New York Times uber-liberal columnist Maureen Dowd has been booted off John McCain’s plane. Awesome! The Pittsburgh Post Gazette has the story:
The McCain campaign has barred her (Dowd) from flying in the McCain and Palin press planes, even though major media outlets routinely pay thousands to the campaigns every day for travel and expenses (and also begs the question, why didn’t her media colleagues Man Up and get her aboard anyway?)
It all started when Maureen covered an Aug. 30 McCain-Palin rally in Washington, Pa., then wasn’t let on the McCain plane afterward, forcing her to overnight at a Pittsburgh airport hotel while the traveling press went on without her.

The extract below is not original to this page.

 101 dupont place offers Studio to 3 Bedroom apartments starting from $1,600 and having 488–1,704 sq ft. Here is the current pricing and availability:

“I had had a great relationship with John McCain for 16 years, through columns he liked and didn’t like. So at first I thought it was a mistake and doublechecked with the press office. They said I was banned from both planes for ‘the foreseeable future.’ Then [McCain spokeswoman] Nicole Wallace was gloating about it to reporters on the Palin plane,” Dowd wrote in an email.

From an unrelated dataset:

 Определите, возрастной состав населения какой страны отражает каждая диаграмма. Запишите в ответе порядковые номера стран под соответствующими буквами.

Let’s face it, John McCain has been accused by the New York Times of having an extramarital affair without any evidence whatsoever. It has run countless stories on the 17 year old daughter of Sarah Palin. Dowd is not a journalist. She is a liberal columnist who misconstrues every utterance from conservatives to its worst possible meaning. So I know it didn’t go down like this video but when I think of this incident, this is how I’m going to remember it. Harrison Ford would me McCain. Dowd would be Gary Oldman.
H/T Newsbusters
October 2, 2008 at 4:03 pm
“No ticket.”
-Indiana Jones and the Last Crusade
October 2, 2008 at 5:22 pm
That’s the best comment of the day. You win.
October 2, 2008 at 6:40 pm
The more I think about it, it really must be quite a hat-dance between unsympathetic reporters and the politicians they are covering. The policians, aware that whatever they say will be panned and distorted by the reporter; and the reporter, knowing that they need to phrase their question to be “sharp” enough so as not to appear pandering, but open enough so as not to discourage the politician from ever calling on him/her again. And all the while, both smiling and gritting their teeth at the mere sight of each other.
Fun times I’m guessing.
October 2, 2008 at 6:46 pm
“New York Times uber-liberal columnist Maureen Dowd has been booted off John McCain’s plane.”
I hear they gave Mo’s spot on the plane to Catherine Zeta-Jones.
October 2, 2008 at 11:28 pm
“Get…off…my…plane!”
— some cheesy movie about a president’s plane being hijacked.